Inflation, the Federal Reserve’s main battle, “remains well above” the 2.0 percent target and it will take time to sustainably get it back on track, its President Jerome Powell warned during a conference. Press release on Wednesday following the meeting.
According to the Fed’s favored PCE index, it stabilized at an annual rate of 3.4% in September.
Jerome Powell did not rule out the possibility of another hike at the next meeting, but noted that no decision had been made at this point.
But “the full impact” of the eleven tariff increases implemented since March 2022 “has yet to be felt,” which could take a long time, he emphasized.
Unconvincing
Especially since the rise in long-term bond interest rates, if “sustained,” could have an impact on the Fed’s monetary policy, he warned.
Following this status quo on interest rates, Wall Street closed significantly higher on Wednesday.
Jerome Powell “tried to leave an option (of a rate hike) open, but he didn’t seem very convincing,” pointed out Edward Moya, an analyst at Oanda.

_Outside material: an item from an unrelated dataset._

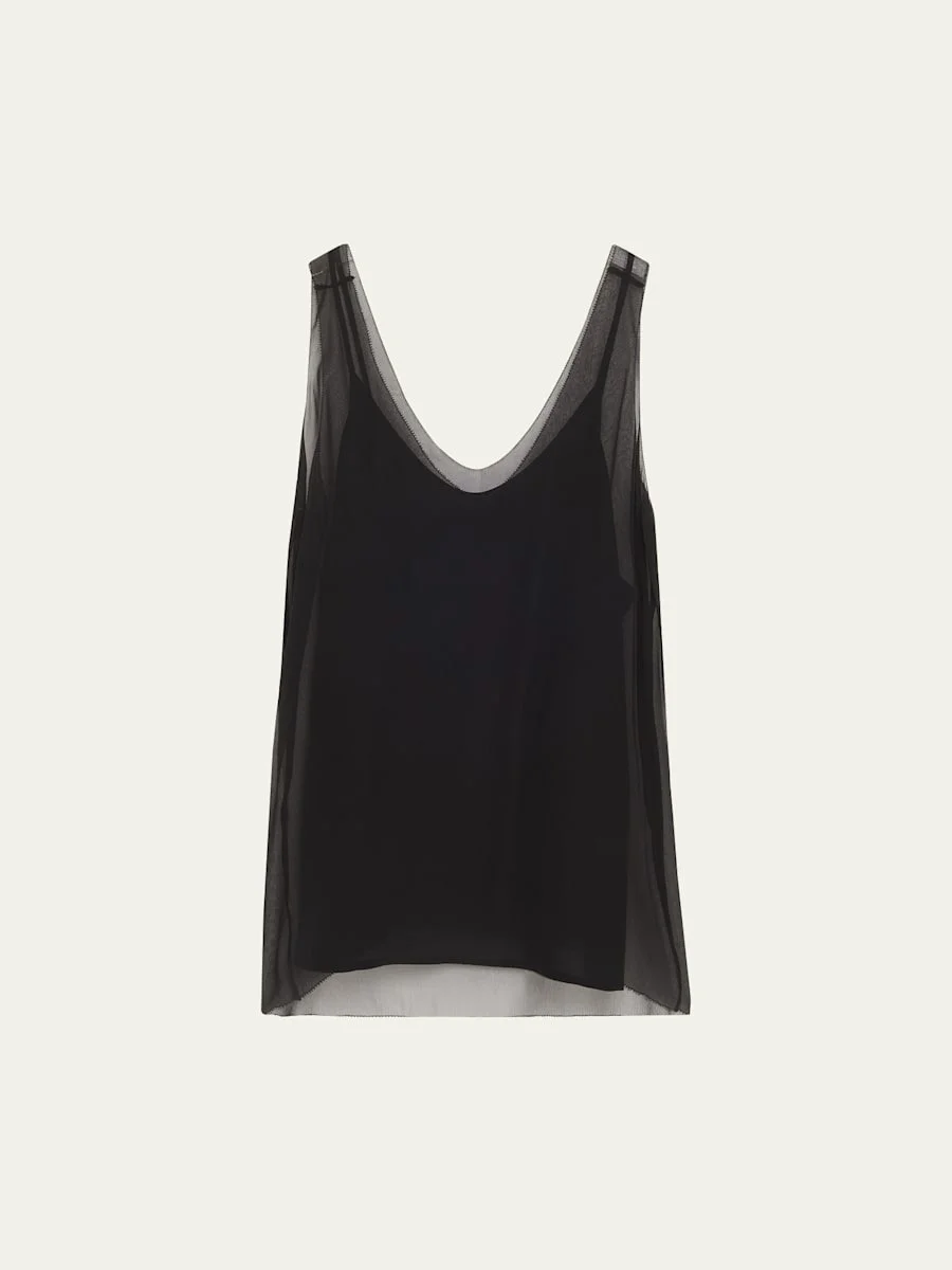 A longline cami silhouette, this slip top by Toteme is crafted from semi-sheer silk chiffon with fine picot trimming and a detachable inner slip for versatile styling Soft V neckline Sleeveless Relaxed fit Hip length Pullover style Silk Imported Online Inquiries: BGS21_T7SSY| Store Inquiries: #5199872

“It is clear that the Fed does not know when we will feel the full impact of its tightening cycle,” he added.
The Fed President, however, assured that the institution is “not at all” thinking about lowering its interest rates at this point.

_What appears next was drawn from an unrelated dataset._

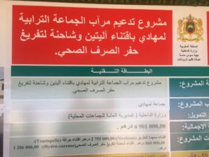 بالإضافة إلى مشروع تدعيم مرآب الجماعة الترابية لمهادي باقتناء آليتين وشاحنة لتفريغ حفر الصرف الصحي بتكلفة إجمالية تبلغ 491.000,00 درهم، حيث تم اقتناء ممهدة الطريق (Niveleuse) قيمتها المالية 2755000,00 درهم، بالإضافة إلى جرافة (Tracetopelle) بقيمة 860000,00 درهم، وشاحنة لتفريغ حفر الصرف الصحي (Hydro-cureuse) بقيمة 1286000,00 درهم. كما أعطيت بالمناسبة انطلاقة عدد من عمليات التويزي بقيادة عين شعيب، من ضمنها حملات النظافة بفضاءات المؤسسات التعليمية وطول جانب الطريق السريع وجنبات وادي سوس، وحملة النظافة وصباغة الأرصفة والواجهات بمركز جماعة سيدي موسى ومركز جماعة الكفيفات وحملة محاربة الحشرات القرمزية بجماعة سيدي بوموسى وجماعة سيدي احماد أوعمر وجماعة الكفيفات وجماعة أهل الرمل.

The American economy is actually much stronger than expected, he continued.
Growth jumped in the third quarter, doubling to 4.9% annually.

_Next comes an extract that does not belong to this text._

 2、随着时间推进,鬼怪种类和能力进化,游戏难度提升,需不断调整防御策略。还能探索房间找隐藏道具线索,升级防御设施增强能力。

At the same time, unemployment remains low at 3.8% in September and there are persistent labor shortages in several key sectors. The figures for October will be published on Friday.
The labor market, which has faced significant labor shortages for more than two years, has recently seen an influx of new workers “due to both (increased) labor force participation and immigration,” explained Jerome Powell.
This labor contribution represents “a significant gain” and “really helps the economy.” This partly explains why GDP (gross domestic product) is so high,” he added.
Clouds
But even though the American economy appears stronger than ever, even though a slight recession was expected at the beginning of the year, there are clouds on the horizon, both nationally and globally.
The war between Israel and Hamas, which began on October 7, could actually lead to a rise in oil prices, especially if it spread to other countries in the region.
The World Bank estimated Monday that in the event of a widespread conflict in the Middle East, oil prices could exceed $155, an unprecedented level.
Such an increase in energy prices would directly lead to an increase in raw material prices, with the risk that inflation would ultimately rise again.
And at the national level, in the United States, the election of a “speaker” in the House of Representatives, Mike Johnson, allows, after a three-week delay within the Republican Party, to consider a vote on the 2024 federal budget.
But it’s a safe bet that the standoff between Republicans and Democrats will begin again as the federal deficit skyrockets. There are only two weeks left to reach an agreement and prevent the state from being paralyzed.